Using lalmei's example:

Graphics[{Yellow, Point[myCircle[{0, 0}, 1, 12]],
          Black, Point[myCircle[{1, 1}, 1, 12]],
          Green, Point[myCircle[{2, 0}, 1, 12]],
          Red, Point[myCircle[{3, 1}, 1/5, 12]],
          Blue, Point[myCircle[{-1, 1}, 1, 12]]}]

equispaced points on various circles

Adding a phase is easy, too:

myCircle[cent_?VectorQ, r_?Positive, ph_?NumericQ, n_Integer] := 
         AffineTransform[{DiagonalMatrix[{r, r}].RotationMatrix[ph], cent}] @ 
         CirclePoints[n]

(CirclePoints[] is new in version 10.1.)


Pickett mentions that CirclePoints[] actually supports a more extensive syntax, one that I missed in the first reading of the docs: CirclePoints[cent, {r, ph}, n].

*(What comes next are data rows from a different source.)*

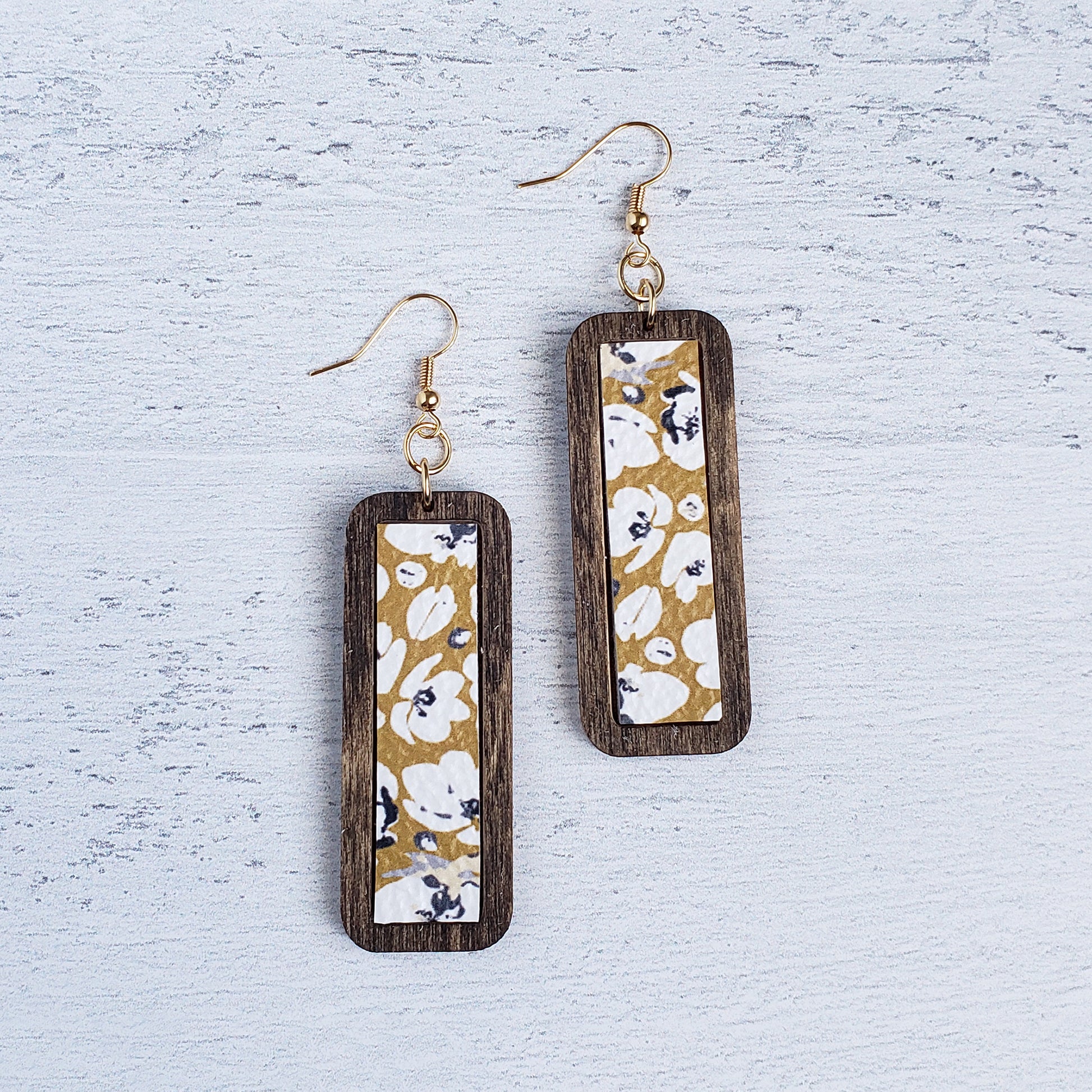 Wooden Bar - Mustard Poppies Leather Earrings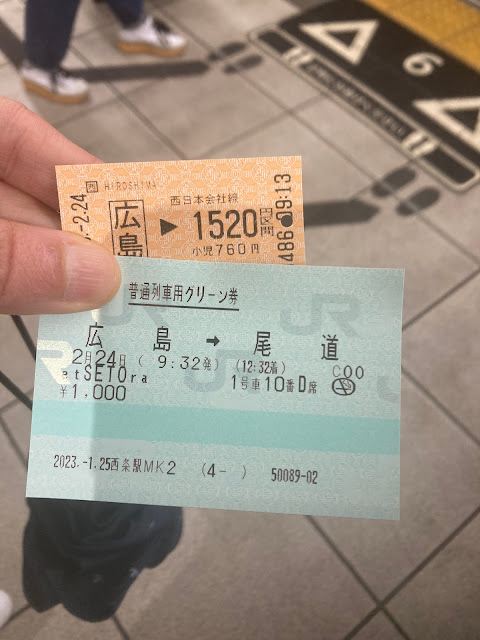 这趟列车只有两节车厢,周末挺不好买的,所以我们平时去。当日车上有空坐,不过海侧位置满了。提前一个月买票,我们2月24日的票,车站售票机是1月25日开始售卖。我选了两个最好的座位(预先看好官网座位表),是第1节车厢10A及10D。我买的グリーン(green)券,即额外坐这车需要的票,1000日元。另外加上普通广岛-尾道车票(1520日元,可以坐车时才买)。坐这趟车总成本2520日元。
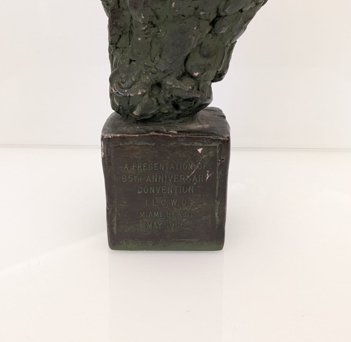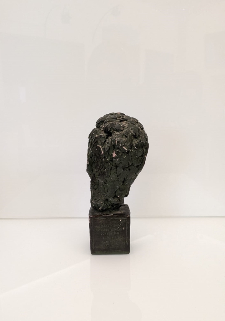 La scultura, base compresa, è realizzata in gesso e dipinta di verde scuro, montata con un'angolazione asimmetrica. Una targa incisa sul retro della base recita "A PRESENTATION OF 65TH ANNIVERSARY CONVENTION I.L.G.W.U. MIAMI BEACH MAY 1965"

Thus, one can redo the first example as

Graphics[{Yellow, Point[CirclePoints[{0, 0}, 1, 12]],
          Black, Point[CirclePoints[{1, 1}, 1, 12]],
          Green, Point[CirclePoints[{2, 0}, 1, 12]],
          Red, Point[CirclePoints[{3, 1}, 1/5, 12]],
          Blue, Point[CirclePoints[{-1, 1}, 1, 12]]}]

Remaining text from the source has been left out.